[DATA EXCERPTS]

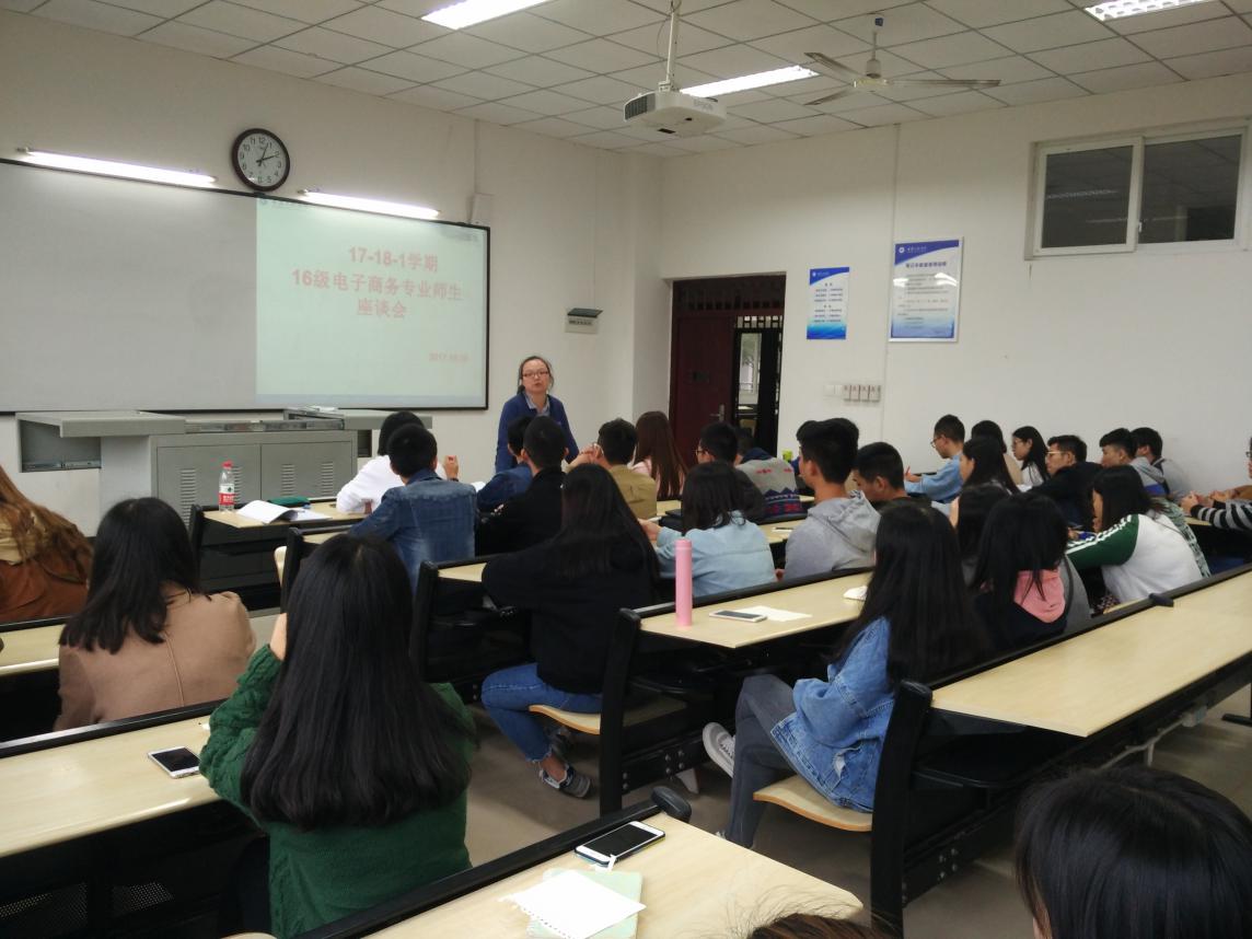 10月25日,管理学院电子商务教研室对15级、16级电子商务专业的学生展开了师生座谈会。参会人员有各个班级的学生代表及电子商务专业相关上课的教师,目的是希望通过本次座谈会更好的了解学生们的学情,更好的服务学生,开展更高效的教学工作。
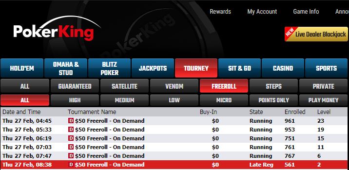 А если у вас нет банкролла и делать депозит вы не хотите, тогда обратите внимание на Фрироллы $50 Freeroll — On Demand на PokerKing. Эти турниры расположены во вкладке «Tourney» — «Freeroll». Турниры запускаются каждые полчаса (всякий раз после закрытия поздней регистрации (30 минут) в последний фриролл в лобби открывается регистрация на новый).
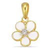 bloem hanger in verguld sterlingzilver met glanzend oppervlak en 1 facetgeslepen witte zirkonen.
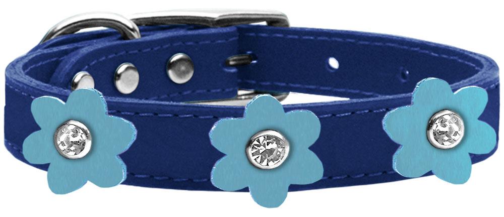 Flower Leather Collar Blue With Baby Blue Flowers Size 18
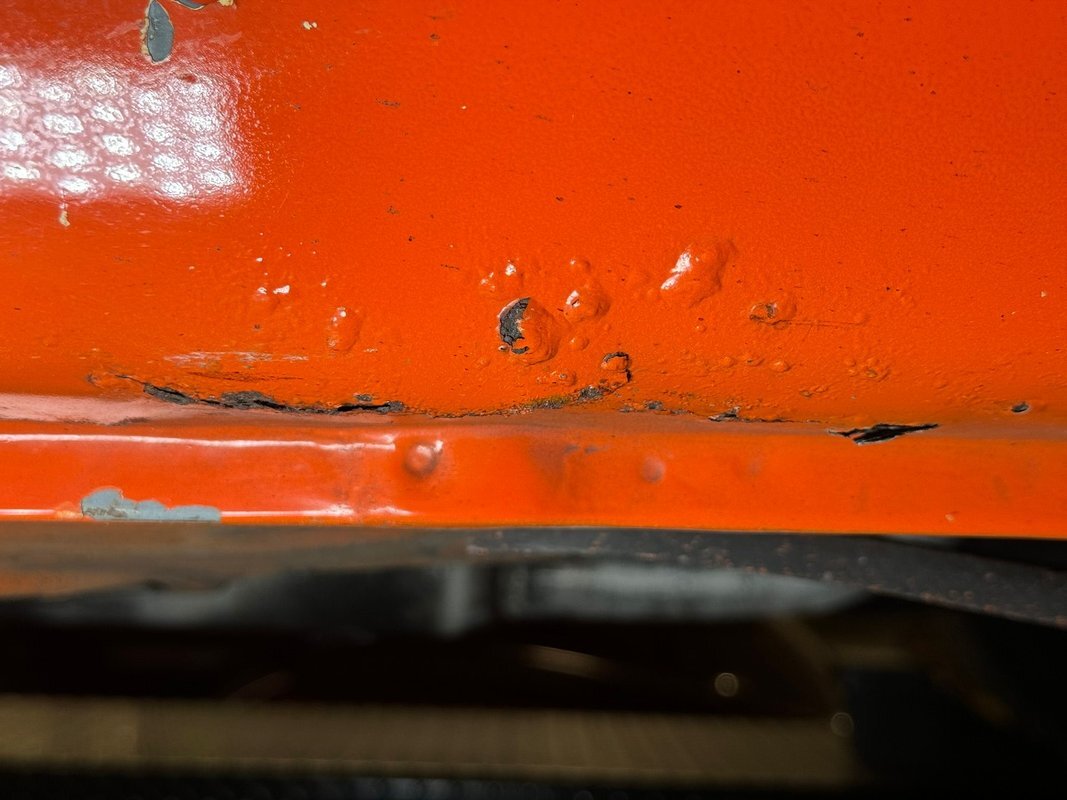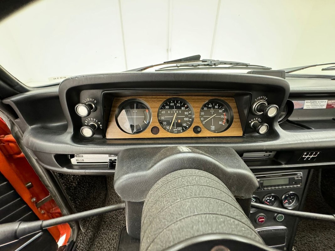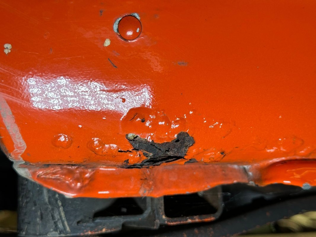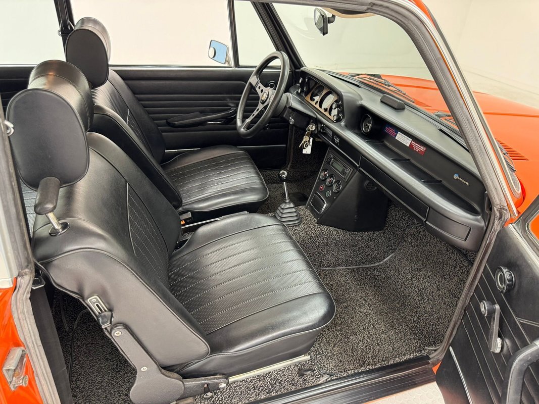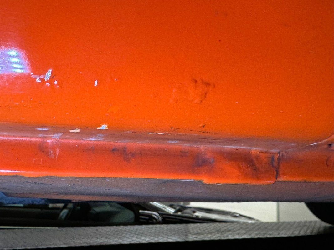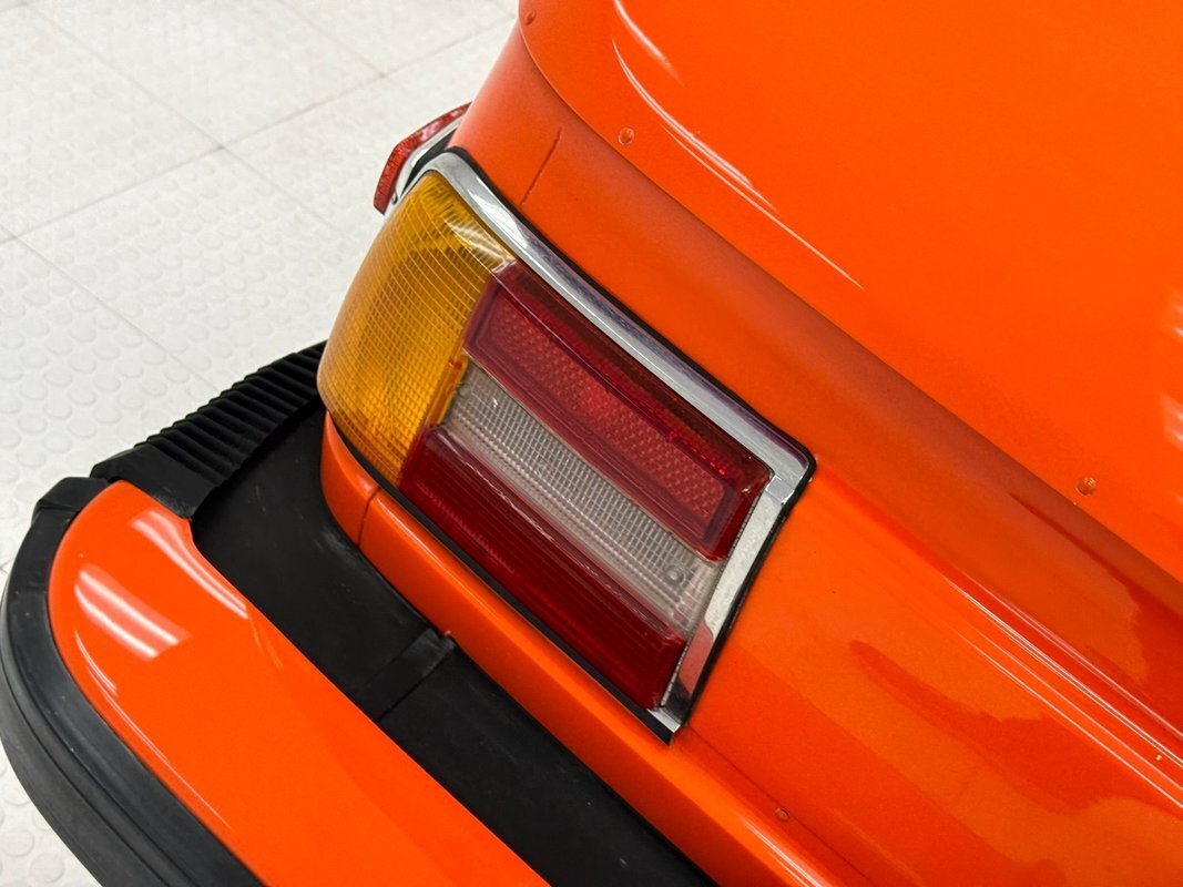 Inca Orange makes a bright appearance on every body panel and uniquely, the bumpers. If the model alone doesn't get attention, the blast of orange paint surely will. Rally lights emerge from the front bumper flaking the kidney grille. The side markers are rounded around the fender corners in a noteworthy design cue. The factory sunroof does not leak per the consignor and the original 13-inch Minilite wheels look fantastic. Tall windows on this little car create a greenhouse effect and aid in visibility for this driving machine. A square back is finished with ANSA dual exhaust tips exiting in the center. A closer look reveals some body filler repair on the rear valance, chipping paint along a bottom edge, flaking rust under some bubbles also on a lower edge, and various other rock chips, touch-ups, and bubbling on or near edge surfaces. We also note filler plugs where the body side molding once resided, but fear not as our consignor is including all the trim and attaching clips.

[/DATA EXCERPTS]

▶ WORK TO BE COMPLETED
Copy every record above exactly, leaving out the pictures.

▶ REPLY TO THE TASK
 10月25日,管理学院电子商务教研室对15级、16级电子商务专业的学生展开了师生座谈会。参会人员有各个班级的学生代表及电子商务专业相关上课的教师,目的是希望通过本次座谈会更好的了解学生们的学情,更好的服务学生,开展更高效的教学工作。
 А если у вас нет банкролла и делать депозит вы не хотите, тогда обратите внимание на Фрироллы $50 Freeroll — On Demand на PokerKing. Эти турниры расположены во вкладке «Tourney» — «Freeroll». Турниры запускаются каждые полчаса (всякий раз после закрытия поздней регистрации (30 минут) в последний фриролл в лобби открывается регистрация на новый).
 bloem hanger in verguld sterlingzilver met glanzend oppervlak en 1 facetgeslepen witte zirkonen.
 Flower Leather Collar Blue With Baby Blue Flowers Size 18
 Inca Orange makes a bright appearance on every body panel and uniquely, the bumpers. If the model alone doesn't get attention, the blast of orange paint surely will. Rally lights emerge from the front bumper flaking the kidney grille. The side markers are rounded around the fender corners in a noteworthy design cue. The factory sunroof does not leak per the consignor and the original 13-inch Minilite wheels look fantastic. Tall windows on this little car create a greenhouse effect and aid in visibility for this driving machine. A square back is finished with ANSA dual exhaust tips exiting in the center. A closer look reveals some body filler repair on the rear valance, chipping paint along a bottom edge, flaking rust under some bubbles also on a lower edge, and various other rock chips, touch-ups, and bubbling on or near edge surfaces. We also note filler plugs where the body side molding once resided, but fear not as our consignor is including all the trim and attaching clips.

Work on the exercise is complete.